From the line containing "11月2日下午,太阳成集团t" to the last line of the listing, transcribe exactly and add nothing else; keep both ends and omit pictures.

● **Provided data**:
★ ★ ★ ★ ★ ★ ★

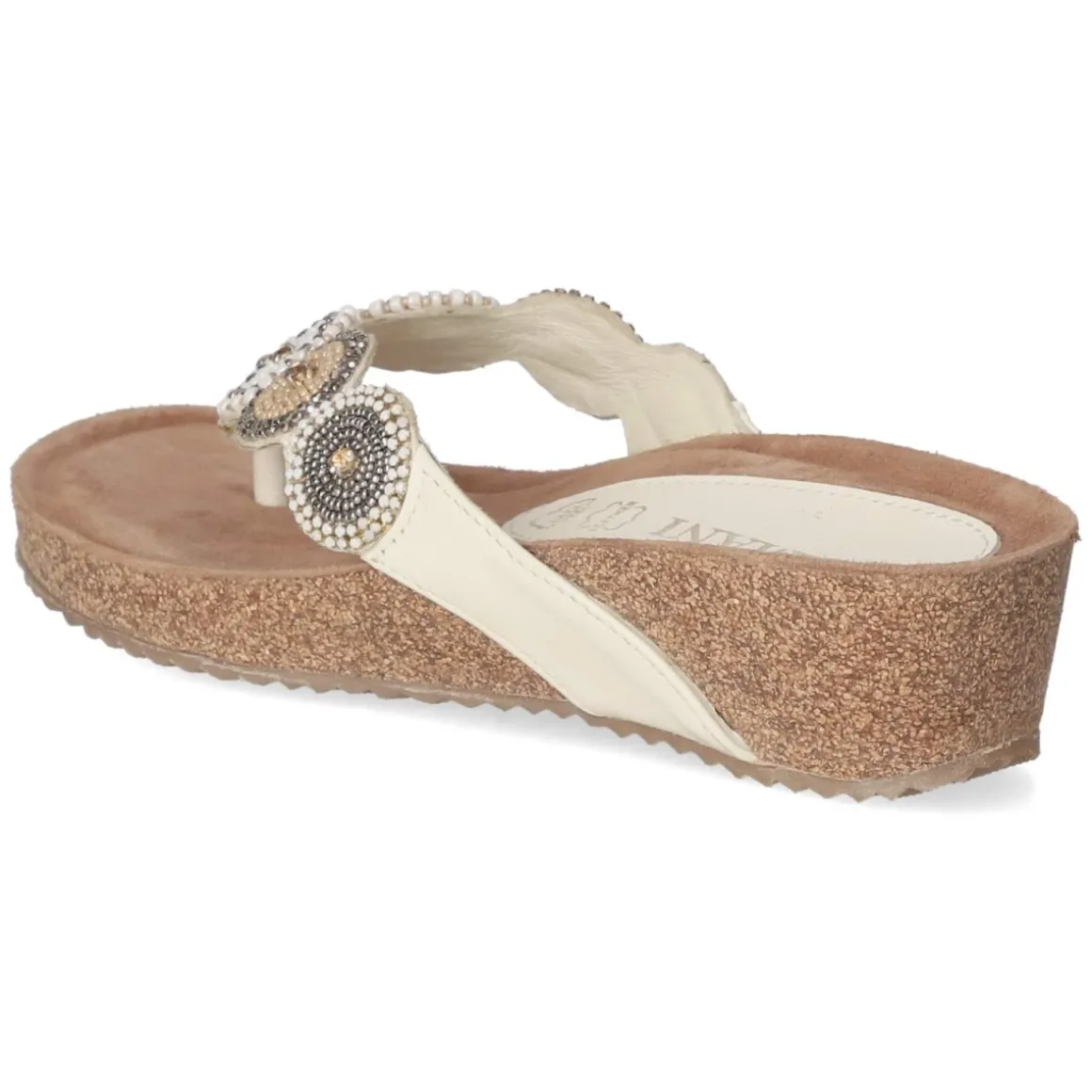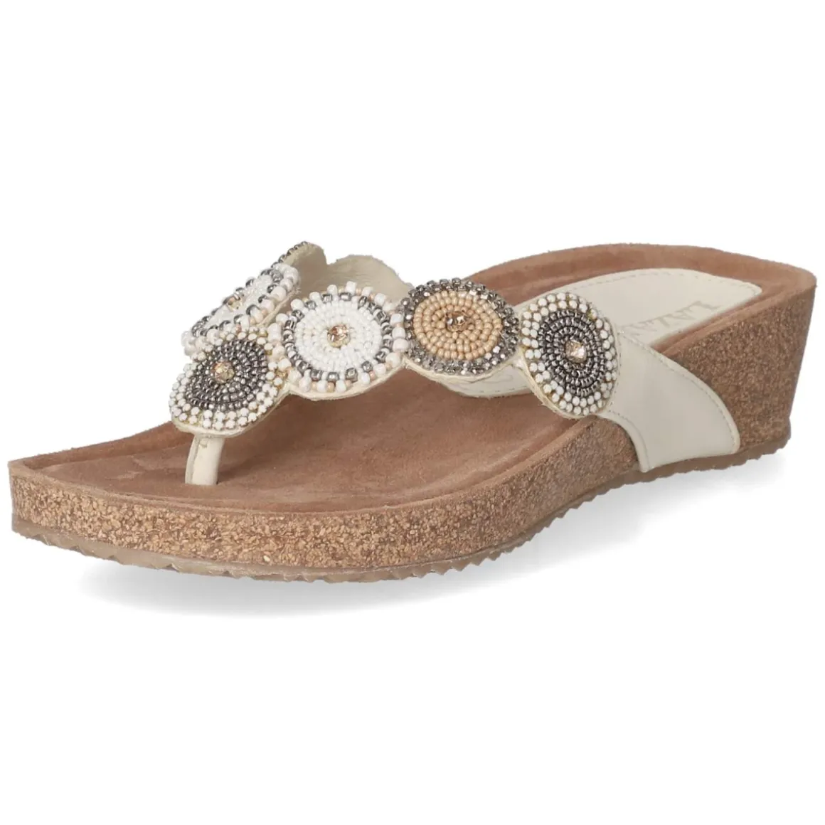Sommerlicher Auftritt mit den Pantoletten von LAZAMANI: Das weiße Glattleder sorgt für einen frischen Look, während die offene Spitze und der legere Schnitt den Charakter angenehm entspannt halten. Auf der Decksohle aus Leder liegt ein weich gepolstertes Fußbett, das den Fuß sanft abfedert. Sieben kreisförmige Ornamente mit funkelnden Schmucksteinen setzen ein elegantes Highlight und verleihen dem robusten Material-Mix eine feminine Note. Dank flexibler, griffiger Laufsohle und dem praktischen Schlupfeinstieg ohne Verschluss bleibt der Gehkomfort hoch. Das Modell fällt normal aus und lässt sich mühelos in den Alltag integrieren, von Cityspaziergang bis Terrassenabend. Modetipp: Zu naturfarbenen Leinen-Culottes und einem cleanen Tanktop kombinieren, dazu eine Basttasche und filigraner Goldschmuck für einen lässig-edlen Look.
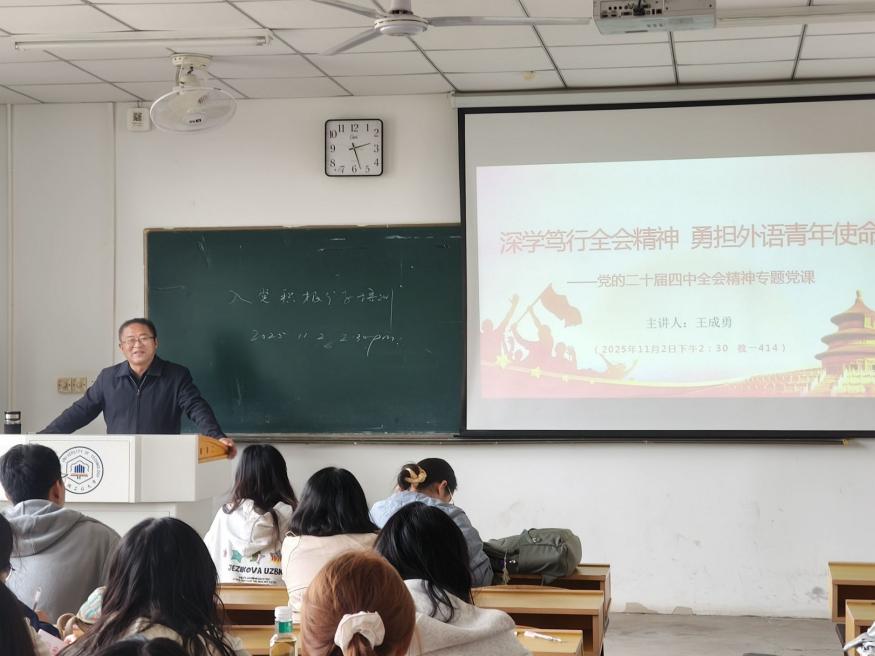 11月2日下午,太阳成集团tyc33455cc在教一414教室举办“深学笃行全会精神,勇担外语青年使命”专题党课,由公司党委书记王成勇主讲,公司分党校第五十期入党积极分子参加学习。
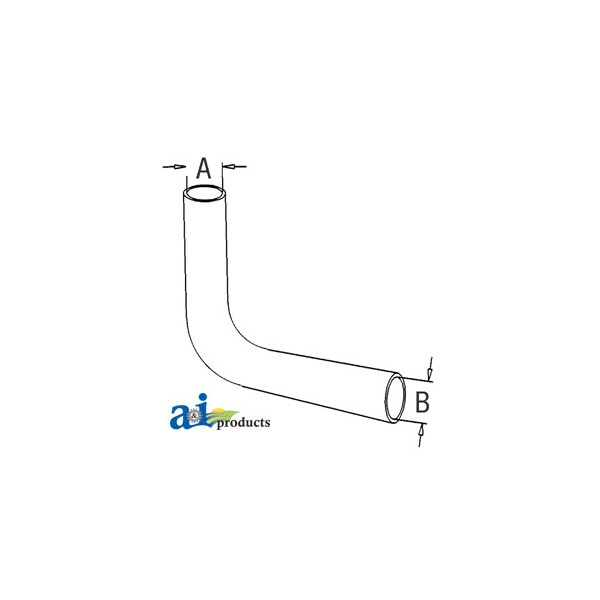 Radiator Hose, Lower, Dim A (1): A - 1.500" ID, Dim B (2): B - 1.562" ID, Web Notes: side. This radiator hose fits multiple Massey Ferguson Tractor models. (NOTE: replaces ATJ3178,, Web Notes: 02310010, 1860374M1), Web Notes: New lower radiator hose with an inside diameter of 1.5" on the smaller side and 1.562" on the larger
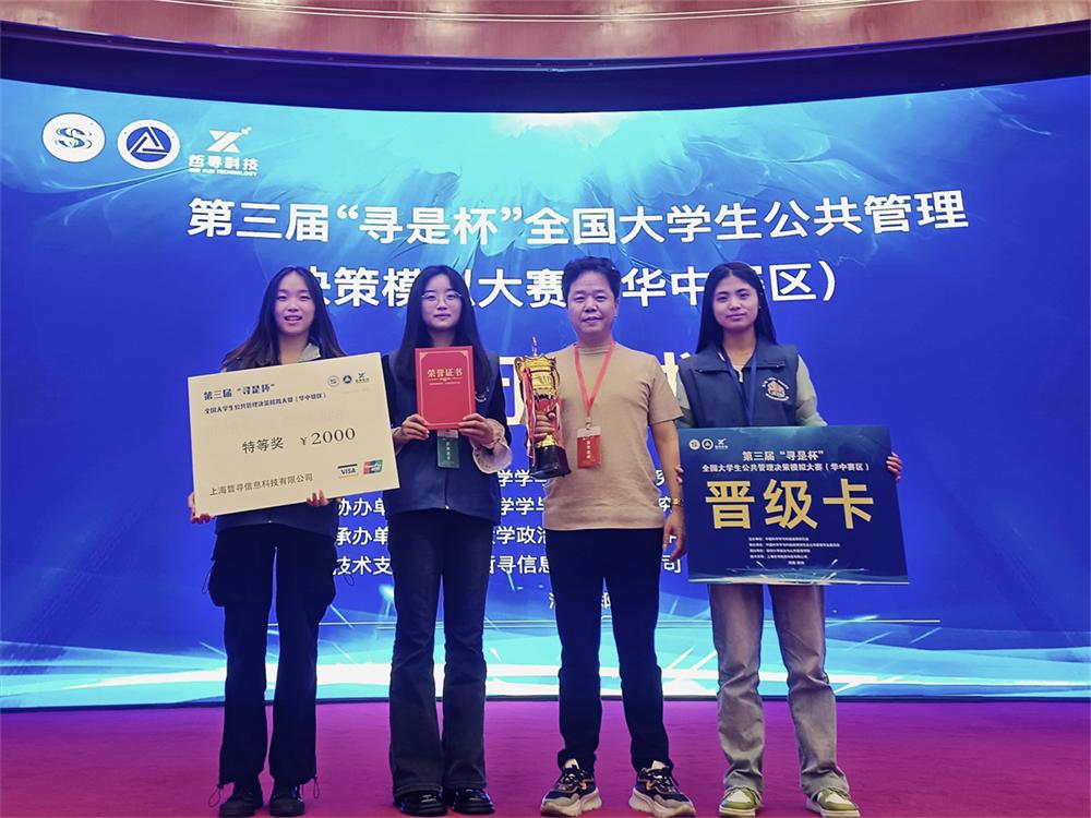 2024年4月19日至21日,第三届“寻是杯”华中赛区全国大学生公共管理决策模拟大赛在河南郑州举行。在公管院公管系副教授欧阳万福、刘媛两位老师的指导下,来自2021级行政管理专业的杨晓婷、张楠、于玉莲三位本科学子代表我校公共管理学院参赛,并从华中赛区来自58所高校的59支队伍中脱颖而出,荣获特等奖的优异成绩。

★ ★ ★ ★ ★ ★ ★

● **Answer below**:
 11月2日下午,太阳成集团tyc33455cc在教一414教室举办“深学笃行全会精神,勇担外语青年使命”专题党课,由公司党委书记王成勇主讲,公司分党校第五十期入党积极分子参加学习。
 Radiator Hose, Lower, Dim A (1): A - 1.500" ID, Dim B (2): B - 1.562" ID, Web Notes: side. This radiator hose fits multiple Massey Ferguson Tractor models. (NOTE: replaces ATJ3178,, Web Notes: 02310010, 1860374M1), Web Notes: New lower radiator hose with an inside diameter of 1.5" on the smaller side and 1.562" on the larger
 2024年4月19日至21日,第三届“寻是杯”华中赛区全国大学生公共管理决策模拟大赛在河南郑州举行。在公管院公管系副教授欧阳万福、刘媛两位老师的指导下,来自2021级行政管理专业的杨晓婷、张楠、于玉莲三位本科学子代表我校公共管理学院参赛,并从华中赛区来自58所高校的59支队伍中脱颖而出,荣获特等奖的优异成绩。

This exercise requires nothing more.